Race walking demands a level toughness that can only come with age, too. Finishing almost an hour behind Heffernan on Wednesday, in last place, was the American John Nunn, a US Army sergeant.

“In the Army, we have a never quit attitude, we have to finish the mission,” said Nunn, after they’d cut off his soaking wet vest and shorts, because he simply could not move for several hours after finishing. By halfway, both of Nunn’s legs were cramping, badly, and not long after that his entire body seized up.

“It was like the death march,” he added, “one of the most mentally taxing things I’ve ever done. The moment I crossed the finish, it was so painful, I was screaming.
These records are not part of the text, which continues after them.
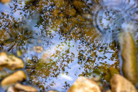 Reflection of trees in the water of a stream with spherical circles from falling raindrops. Landscape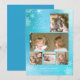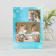 Esta tarjeta de vacaciones fotográfica presenta tus fotos y las palabras "Let it Snow" en una fuente de moda y copos de nieve contra un fondo de acuarela azul. La tarjeta tiene un fondo azul sólido en la parte posterior.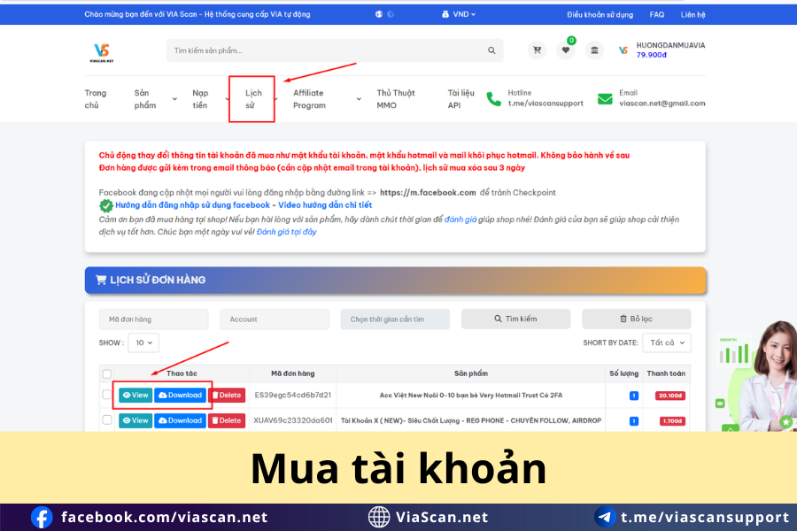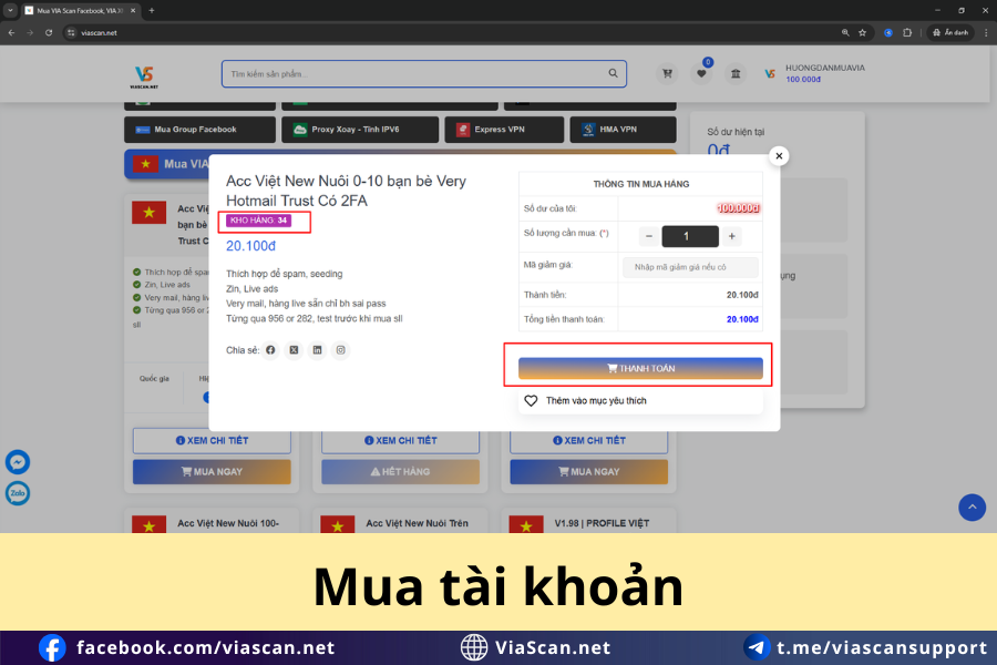 Vậy là bạn đã mua thành công tài khoản tài khoản phù hợp nhu cầu tại viascan.net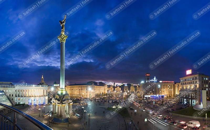 Ночной Киев, Украина. Площадь Независимости. Майдан Незалежности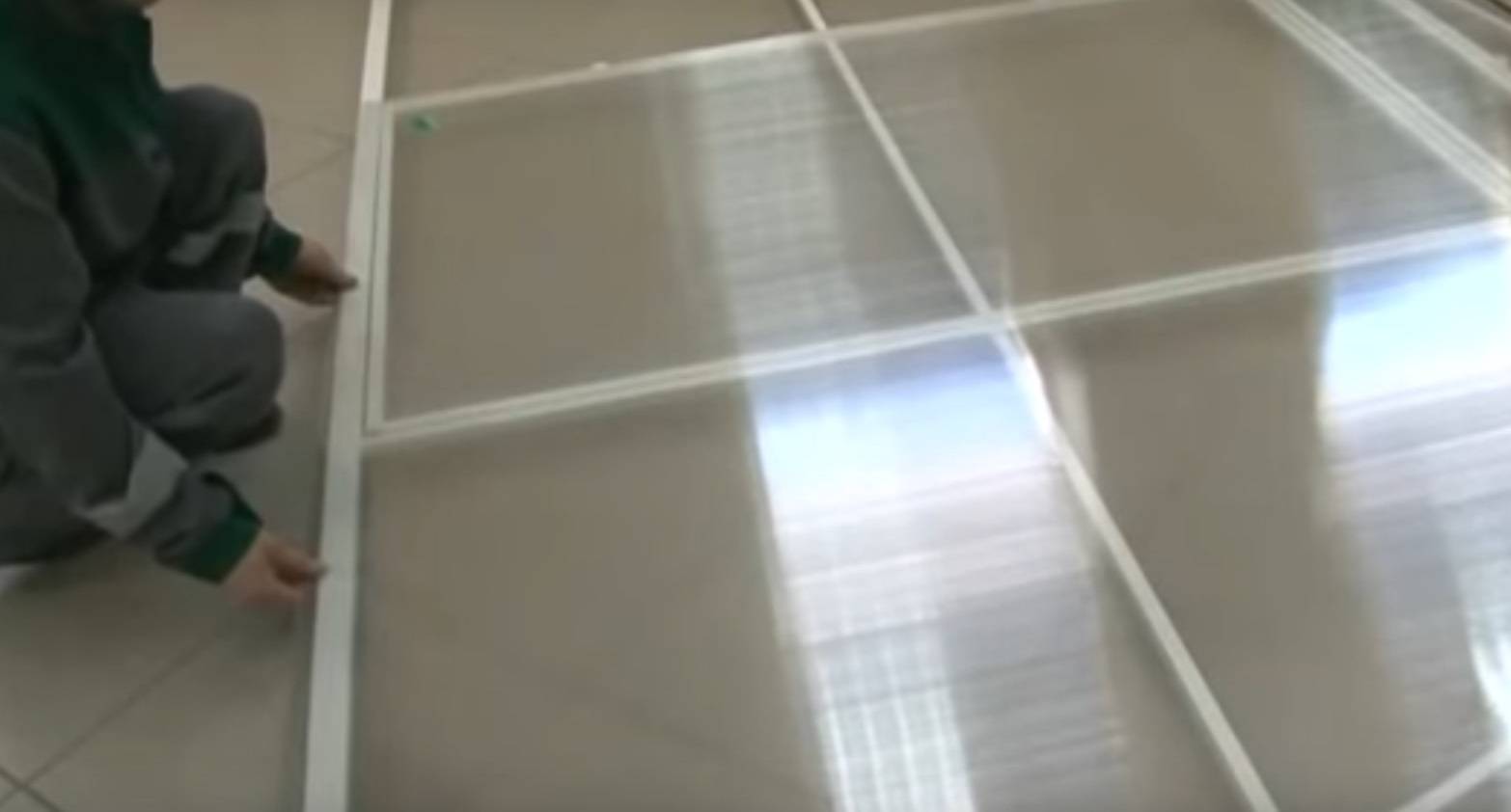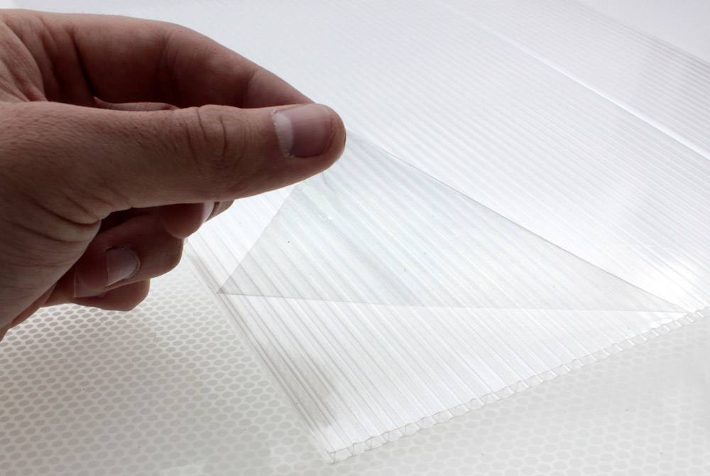 - На твердой и ровной поверхности расстилают лист сотового поликарбоната. Он поставляется в виде рулона и обклеен защитной пленкой с помеченной лицевой стороной. Снимают пленку непосредственно перед тем, как прикрепить покрытие к каркасу. Отрезают по линейке 2 листа длиной 2,02 м и 1 лист длиной 1,96 м.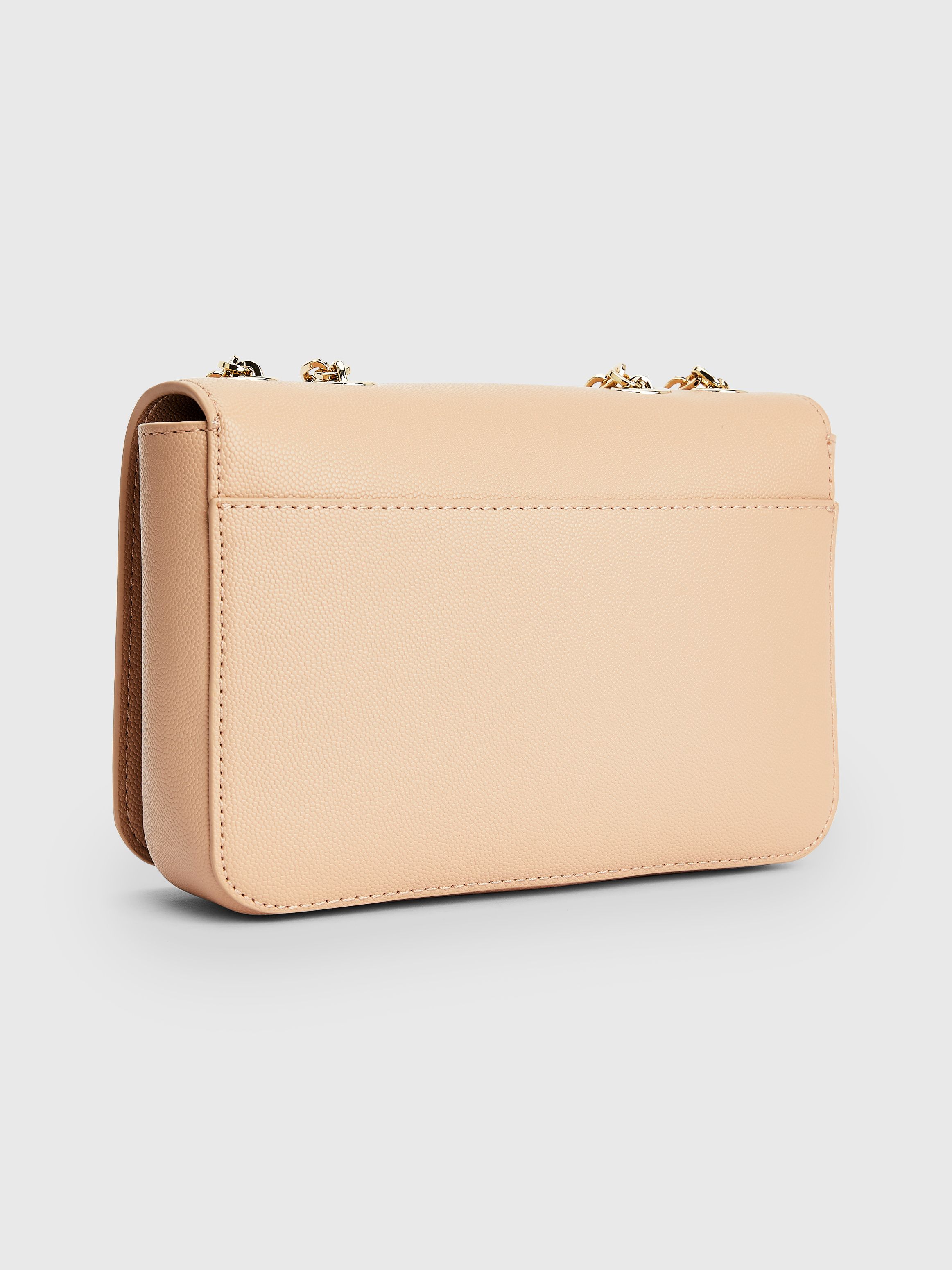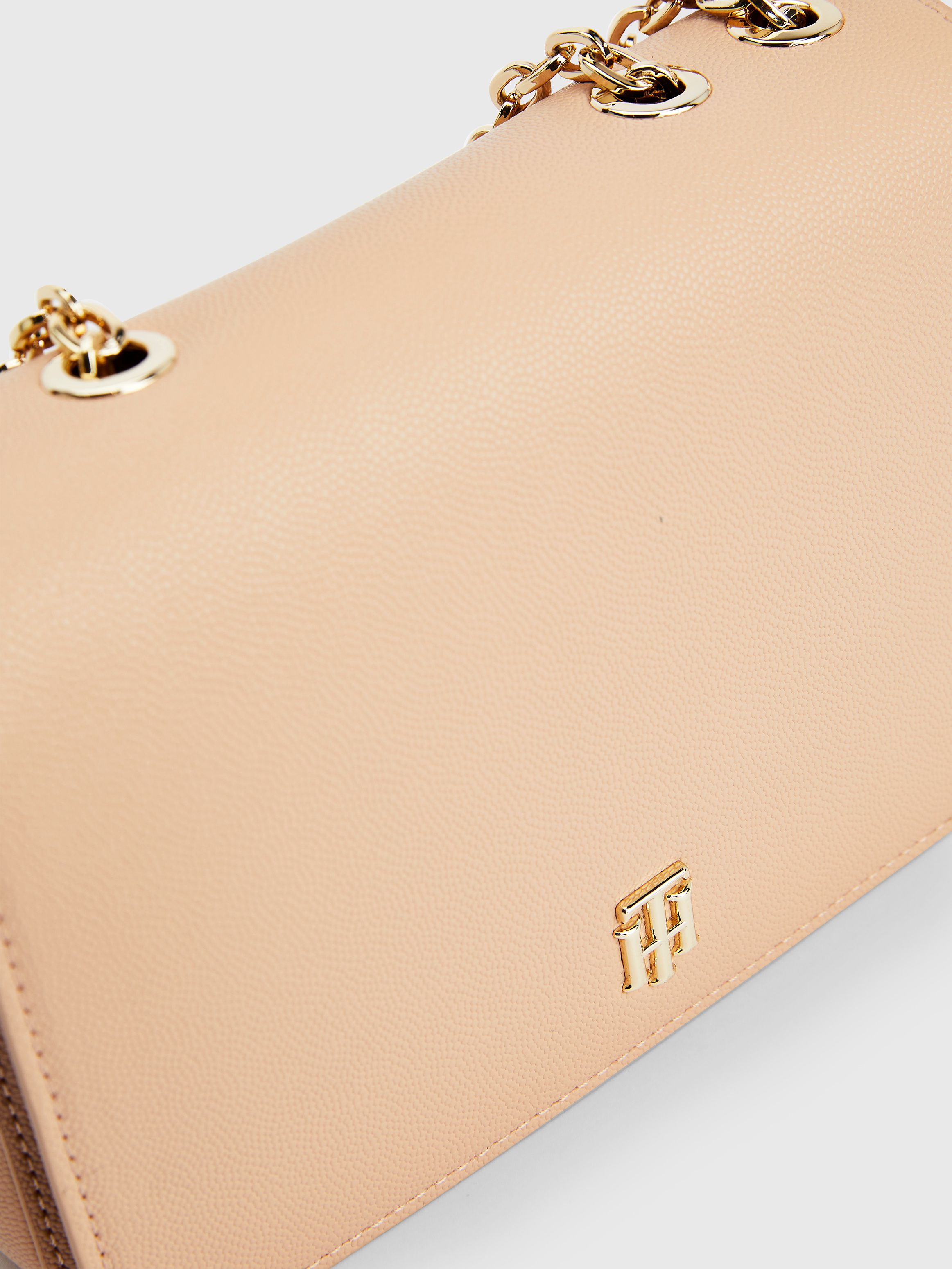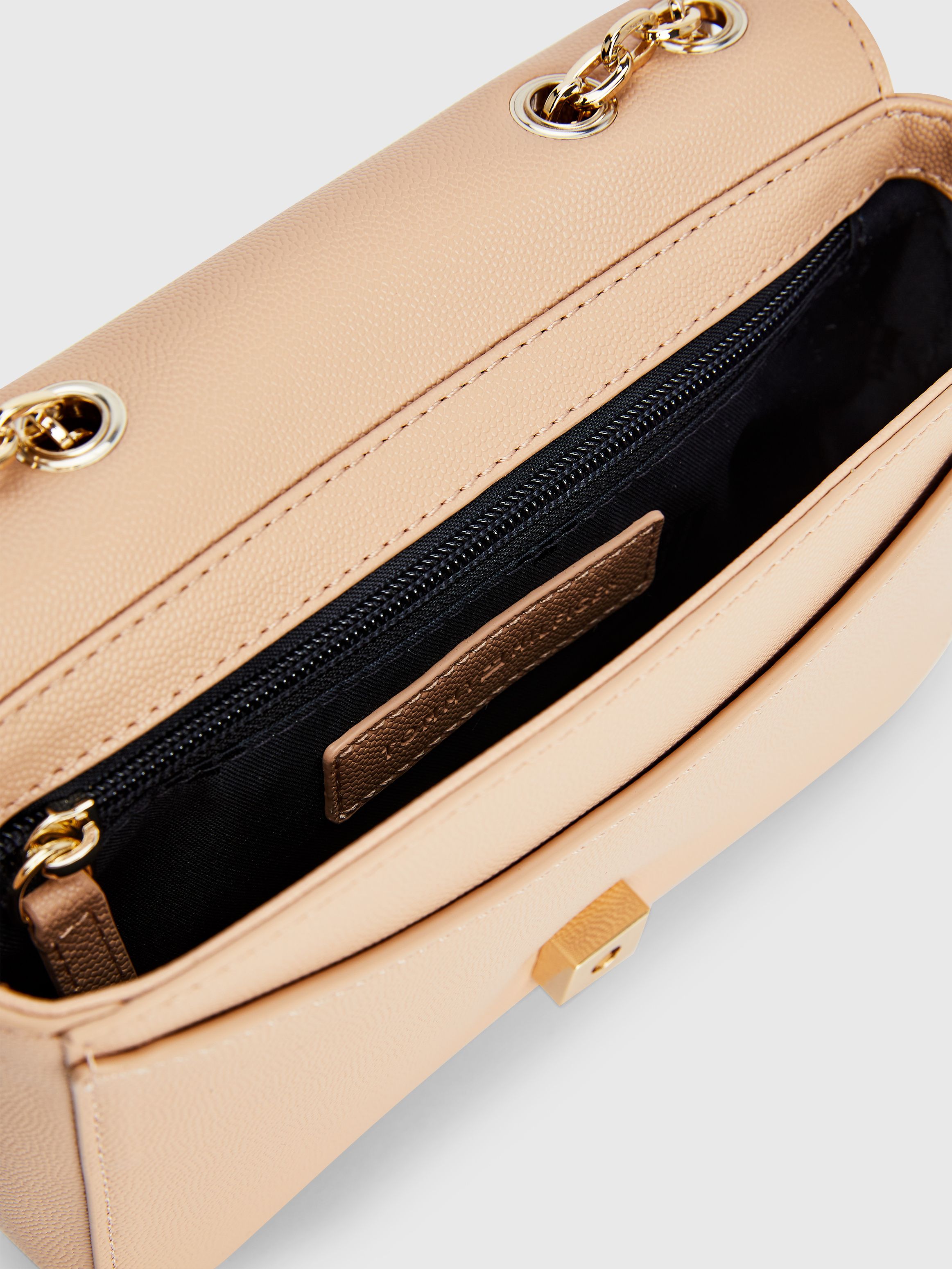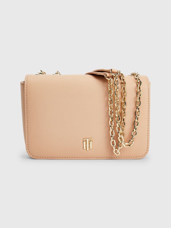• ملمس بارز • تغلق بمغناطيس • مقبض يد علوي • حزام كروس سلسلة • جزء رئيسي واحد • جيب أمامي مفتوح • جيب داخلي بسحاب • لوحة حروف الشعار على المقدمة • علامة تومي هيلفيغر التجارية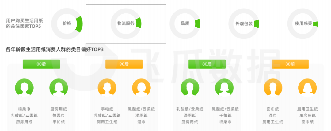 尤其手帕紙、棉柔巾、廚房用紙、乳霜紙等產(chǎn)品,能很好滿足他們在工作、戶外運動、顏值管理等不同場景下的用紙需求,或成為生活用紙品牌商家后續(xù)營銷的突破口。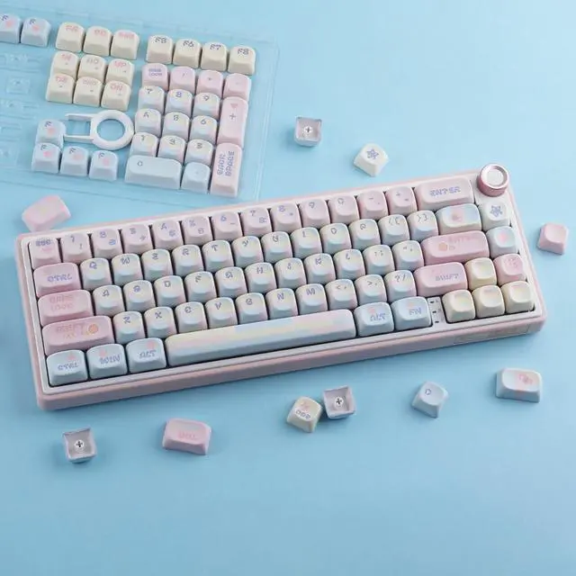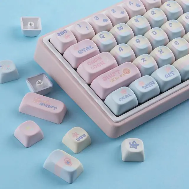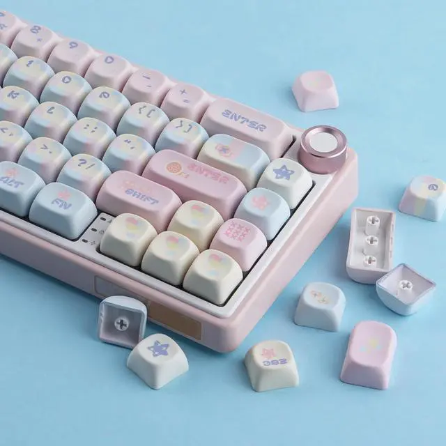 Whether you're a gamer, typist, or simply want to add a touch of kawaii to your keyboard, these keycaps are perfect for you. Compatible with most keyboard models, including RK61, Keychron, and 60% keyboards, these keycaps provide an easy way to customize your keyboard to match your style. The dye-sublimated legends ensure that the keycap legends won't fade over time, maintaining their vibrant and crisp appearance. Upgrade your keyboard with these Pink MOA Profile PBT Keycaps and enjoy a unique and personalized typing experience. Perfect for Valorant enthusiasts, anime lovers, or anyone who appreciates cute and stylish keycaps.

The day after, it felt like I had been run over by a truck.”

One man missing, however, is still viewed by some as one of the toughest of the lot. Sergey Kirdyapkin, now aged 33, won the gold medal in the 50km walk in London last summer, in an Olympic record time 3:35:59.

This topped up the gold medals he won at the World Championships in Helsinki back in 2005, and also in Berlin, in 2009. Kirdyapkin appeared primed for another golden moment on home territory last Wednesday, only to withdraw – a few days before the event – without giving any reason whatsoever.

The Russians are being housed at the same Moscow hotel as the Irish team, Jamaica and Bermuda. Irish team manager Patsy McGonagle has been hearing lots of whispers about Kirdyapkin’s sudden withdrawal, although nothing is yet confirmed.

“All we’ve been told is that there might be some announcement, in the next couple of days,” he said.

Just as strange is the fact Olga Kaniskina was also a late withdrawal from the women’s 20km walk, having won the previous three World titles. Race walking can be a bit of a draw for performance enhancing substances, especially those of the blood-boasting type, namely EPO. Indeed Alex Schwazer of Italy, who won Olympic gold in Beijing, and the European title in Barcelona in 2010, when Heffernan finished fourth, has since admitted to using EPO.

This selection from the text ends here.